→ What is being asked
Each line of the data below between the one containing "В Москве щенку" and the one containing "В ходе III этапа", both included, is to be repeated exactly. Please omit pictures.
=== Record set ===
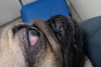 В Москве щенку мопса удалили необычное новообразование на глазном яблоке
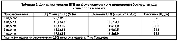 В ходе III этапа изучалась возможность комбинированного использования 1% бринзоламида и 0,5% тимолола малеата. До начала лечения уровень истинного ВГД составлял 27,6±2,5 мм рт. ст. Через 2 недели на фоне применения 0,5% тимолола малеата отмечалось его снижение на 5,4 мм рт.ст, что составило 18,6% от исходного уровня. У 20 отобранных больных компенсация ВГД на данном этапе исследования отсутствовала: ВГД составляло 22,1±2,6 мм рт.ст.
===
=== Record set ===
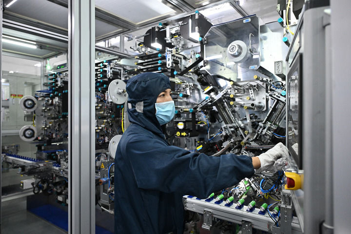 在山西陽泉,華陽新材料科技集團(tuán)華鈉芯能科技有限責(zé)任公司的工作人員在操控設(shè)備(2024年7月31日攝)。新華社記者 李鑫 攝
===
→ Answer to the exercise
 В Москве щенку мопса удалили необычное новообразование на глазном яблоке
 В ходе III этапа изучалась возможность комбинированного использования 1% бринзоламида и 0,5% тимолола малеата. До начала лечения уровень истинного ВГД составлял 27,6±2,5 мм рт. ст. Через 2 недели на фоне применения 0,5% тимолола малеата отмечалось его снижение на 5,4 мм рт.ст, что составило 18,6% от исходного уровня. У 20 отобранных больных компенсация ВГД на данном этапе исследования отсутствовала: ВГД составляло 22,1±2,6 мм рт.ст.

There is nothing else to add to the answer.